Mass-rent technology classification model training method is based on the invention provides one kind.The level that user provides markup information is estimated on the corresponding mass-rent markup information of a small amount of sample；Markup information used in training sample is determined by the use of observed mark person level as priori；The train classification models on training sample and its markup information；The training sample for using the disaggregated model selecting that the model anticipation error can be made minimum, and predict the sample generic；Training set is added by selected sample and in the flat highest user of category subscript water filling for its markup information provided；On training set in the updated, iteration performs above-mentioned steps, untill the precision of disaggregated model or the quantity of training sample reach preset standard.Effect of the invention is that, it is to avoid adverse effect of the low quality markup information that the low user of mark level provides to disaggregated model training, it is ensured that train the effect of high generalization ability disaggregated model under mass-rent environment.

Description

One kind is based on mass-rent technology classification model training method

Technical field

The present invention relates to a kind of disaggregated model training method.

Background technology

At present, in machine learning under the framework of supervised learning, train classification models need to collect one group in advance with mark letter The data sample of breath.The quality and quantity of collected training data directly determines the Generalization Capability of disaggregated model.Traditional Training data provides data sample corresponding unique correct mark letter during collecting it is necessary to have the expert of professional domain knowledge Breath, for ensureing that the disaggregated model obtained by training has good Generalization Capability.
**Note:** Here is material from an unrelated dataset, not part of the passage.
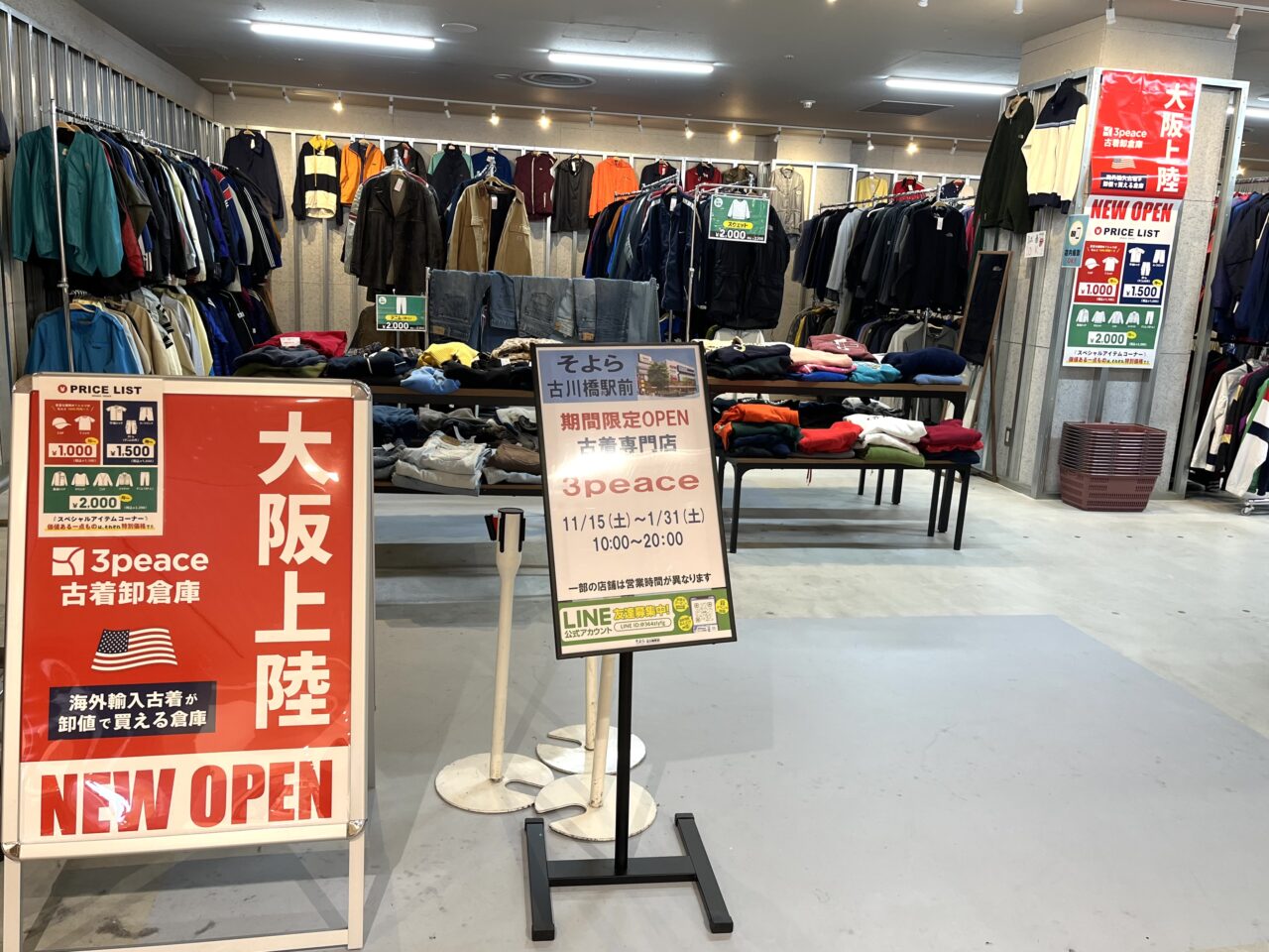 そよら古川橋駅前の2階南側、エレベーター前に、期間限定で古着卸売の店舗「3peace(スリーピース)」がオープンしています。

This traditional method facing challenges is that the personnel with specialty background are less in realistic task, obtains sample mark The cost of information is higher, the time is longer.Thus, with the development of network technology and data storage technology, it is using mass-rent technology The a large amount of cheap markup informations of training sample quick obtaining, it is effective as the time and economic cost reduced in mark acquisition process One of approach.
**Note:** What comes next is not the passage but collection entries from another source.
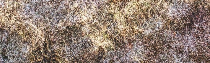 from surplus Burberry fabrics. The tree is covered in wild foliage and thistle, Scotland’s national flower, as a nod to Burberry’s connection to the Highlands. The colours and textures bring the outdoors in, drawing from the beauty of the UK’s rich landscapes. The tree features hanging brass bells inspired by the house’s Equestrian Knight Design and baubles handmade by a British glassblower. A gold crown tops it off, while oversized chess
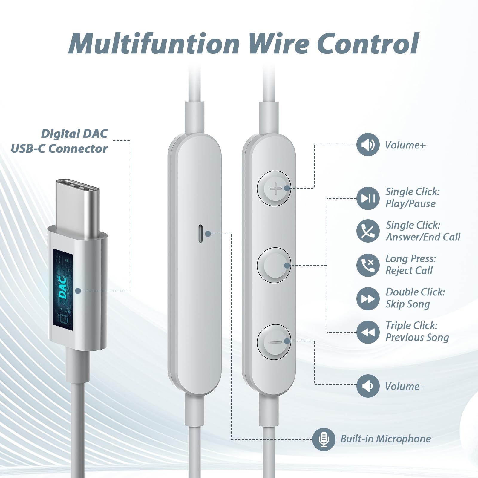 Built-in Microphone and Wired Control: The Type C earphones has built-in microphone and in-line control, very convenient to pick up/hung up calls. It also supports volume control and the change of next/previous song. No need to hold the phone, just get access to the wire control on the go
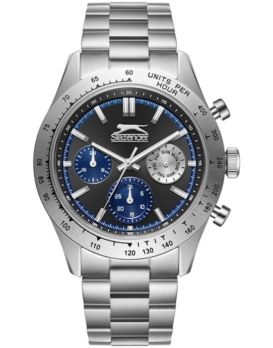 Slazenger SL.09.2358.2.01 — стильные мужские часы, сочетающие современный дизайн и функциональность. Корпус выполнен из суперметалла, а безельБезельВнешний ободок, закрепляющий стекло. В спортивных часах так называется поворотное кольцо с делениями на циферблате, выполняет роль таймера – замеряет отрезки времени на шкале. Неподвижный безель – элемент декора. Однонаправленно вращающийся безель на дайверских часах позволяет фиксировать моменты погружения и выныривания на поверхность. покрыт PVDPVDУльтратонкое покрытие наносится в технике вакуумного напыления, сочетает в себе нитрид титана особой прочности со слоем золота или оксида хрома. Несёт в себе декоративную или защитную функцию.-покрытием, придающим модели современный и элегантный вид. Минеральное стеклоМинеральное стеклоМинеральное стекло представляет собой искусственно выращенный минерал кварца. Такое стекло отличается особой устойчивостью к повреждениям и царапинам. Уступает по некоторым качествам сапфировому стеклу. защищает циферблат от царапин и гарантирует превосходную читаемость. Циферблат с контрастными метками и стрелками обеспечивает отличную видимость в любых условиях. Браслет из суперметалла обеспечивает комфортное ношение и надёжную фиксацию на запястье. Функциональность дополняется индикацией даты, дня недели и 24-часовым форматом времени. Водонепроницаемость 50 метров делает модель устойчивой к случайным брызгам, идеально подходя для повседневного использования.

Under mass-rent environment, the mark acquisition task of training data is not completed by traditional professional, but with freedom certainly The form of hope is contracted out to unspecific popular network to complete, i.e., amateur personal or individual of increasing income is with independent or cooperation side The quick qurer of formula completes mark task.Because the markup information based on mass-rent technical limit spacing is used from multiple online networks Family, therefore, it is difficult to ensure the quality of collected markup information, simultaneously as the correct markup information for lacking professional person's offer is made For " goldstandard ", it is also difficult to which the degree of accuracy of experience and its completion mark task to these users is weighed.Directly using many Bag markup information train classification models, can have a strong impact on the Generalization Capability of disaggregated model.

The content of the invention

It is an object of the invention to provide a kind of influence that can overcome low quality markup information to model training process, it is ensured that With the disaggregated model of minimum labeled cost one high generalization ability of study based on mass-rent technology classification model under mass-rent environment Training method.
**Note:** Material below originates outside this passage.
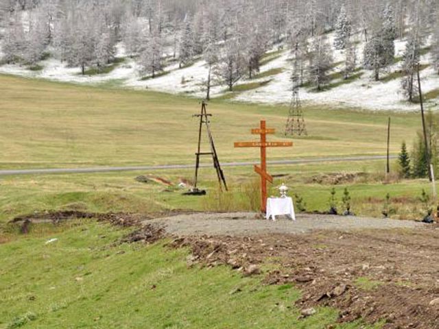 Православный крест был установлен в селе Топучая и освещен 26 мая этого года. На его месте планировалось вскоре поставить часовню и мемориал в честь памяти строителей Чуйского тракта. Дорогу, которую Василий Шукшин сравнивал со следом от бича, хлестнувшего по горам, строили заключенные - в 1930-х годах неподалеку от Топучей был лагерь.

The object of the present invention is achieved like this：

It is in m collected sample and by the mass-rent markup information of k user's offerCondition Under, carry out in accordance with the following steps：

Step one, n sample and its corresponding mass-rent mark are randomly selected from collected sample and its mass-rent labeled data Information

Step 2, builds training datasetWherein, whenWhen, y_i=1, otherwise, y_i=0；

Step 3, in training datasetThe disaggregated model that upper one parameter of study is w；

Step 4, one group of markup information that j-th of user provides on classification cOn mark level For

Wherein,WithRepresent that the user provides the number of times of correct mark and mistake mark respectively；

Step 5, according to for sample x_iThe mark level of multiple users of markup information is provided, the sample is used for the mark trained Information is estimated by following formula

Step 5, is predicted using disaggregated model to remaining m-n sample generic, and calculates corresponding point of each sample Class model anticipation error, it is as follows

Wherein, U represents the set of remaining sample composition, and (D x) represents to add sample into the error of disaggregated model after training set I；

Step 6, and selection p (y | x^*；W) the corresponding classifications of ＞ 0.5, and be sample by the flat highest user of category subscript water filling x^*The markup information y of offer^*Add training dataset

Step 7, repeats step 3 to step 6, until the Generalization accuracy of disaggregated model or the quantity of training sample reach Untill written standards.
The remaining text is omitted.